The true prevalence of SARS-CoV-2 is unknown at the time of this writing. However, if we assume the excess non-influenza ILI is almost entirely due to SARS-CoV-2, an assumption that becomes more valid as SARS-CoV-2 becomes more prevalent, we can use the excess non-influenza ILI to define bounds on the exponential growth rate of the US SARS-CoV-2 epidemic and understand the mutual dependence of exponential growth rates, the rate of subclinical infections, and the time between the onset of infectiousness and a patient reporting as ILI Figure 2. With a January 15 start date of the US epidemic [17], allowing early stochasticity from start-time to the onset of regular exponential growth, we find that it’s improbable to explain the ILI surge with an epidemic whose doubling time is longer than 4 days, as such slow growth scenarios fail to produce enough infected individuals to match the observed excess ILI.

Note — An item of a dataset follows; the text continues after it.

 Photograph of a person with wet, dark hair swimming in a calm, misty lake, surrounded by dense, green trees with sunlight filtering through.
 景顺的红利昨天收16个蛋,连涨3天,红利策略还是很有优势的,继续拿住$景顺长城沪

Across the entire US, new deaths due to COVID doubled every 3.01 days over the month of March (±0.001, p-value of test that doubling rate is less than 4 days approximately 0). An epidemic starting January 15th with doubling time equal to the doubling time of deaths in the US would imply an expected 10.4% clinical rate for the week of March 8 (the proportion of patients who have symptoms for which they would present to a health care provider) if the entirety of the first week of ILI surge is comprised of COVID patients and there was a 1-day lag from onset to presentation as ILI (Figure 3A). A four-day lag between the onset of infectiousness and presentation with ILI yields an average clinical rate of 23% among the 90.25% of simulations which could account for the ILI surge. However, the ILI surge did not grow at the same rate as deaths in the US, nor does an ILI surge adjusted to account for decreased care-seeking grow at the same rate as deaths, suggesting additional factors can be affecting the ILI surge, such as successful interventions, even faster decreases in care-seeking than observed in New York, or an early epidemic doubling faster than every 3 days.

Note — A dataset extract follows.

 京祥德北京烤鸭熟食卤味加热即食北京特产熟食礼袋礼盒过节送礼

Faster growth rates require lower clinical rates to explain the ILI surge. If the US epidemic prior to March 14 grew at the rate of deaths in Italy, doubling every 2.65 days, it could better match the curvature of the ILI surge by peaking around mid to late March, but would imply a clinical rate of 1.7% the second week of March (Figure 2B). If researchers produce alternative estimates of growth rates for the US epidemic, the ILI surge can be used to estimate bounds and ranges of possible clinical rates (Figure 3C). If the entirety of the ILI surge is attributable to COVID, it suggests a slowest-possible doubling time of 4 days for the US epidemic starting on January 15. Any evidence of significant secondary introductions, super-spreading, or rapid transmission events in early transmission chains will decrease these estimated clinical rates [18].

## 3 Discussion

We use outpatient ILI surveillance data from around the US to estimate the prevalence of SARS-CoV-2+. We find a clear, anomalous surge in ILI outpatients during the COVID epidemic that correlates with the progression of the epidemic across the US. The surge of non-influenza ILI outpatients is much larger than the number of confirmed case in each state, providing evidence of large numbers of symptomatic probable COVID cases that remain undetected. The slowest epidemic doubling time that could explain the ILI surge would be 4 days and this rate could only be achieved unusually fast early transmission or super-spreading events and a clinical rate near 100%. We measure the doubling time of deaths due to COVID with in the US to be 3.01 days and note that this is consistent with the bound imposed by the ILI surge. Together, the surge in ILI and analysis of doubling times suggest that SARS-CoV-2 has spread rapidly throughout the US since it’s January 15th start date and is likely accompanied by a large undiagnosed population of potential COVID outpatients with presumably milder distribution of clinical symptoms than estimated from prior studies of SARS-CoV-2+ inpatients.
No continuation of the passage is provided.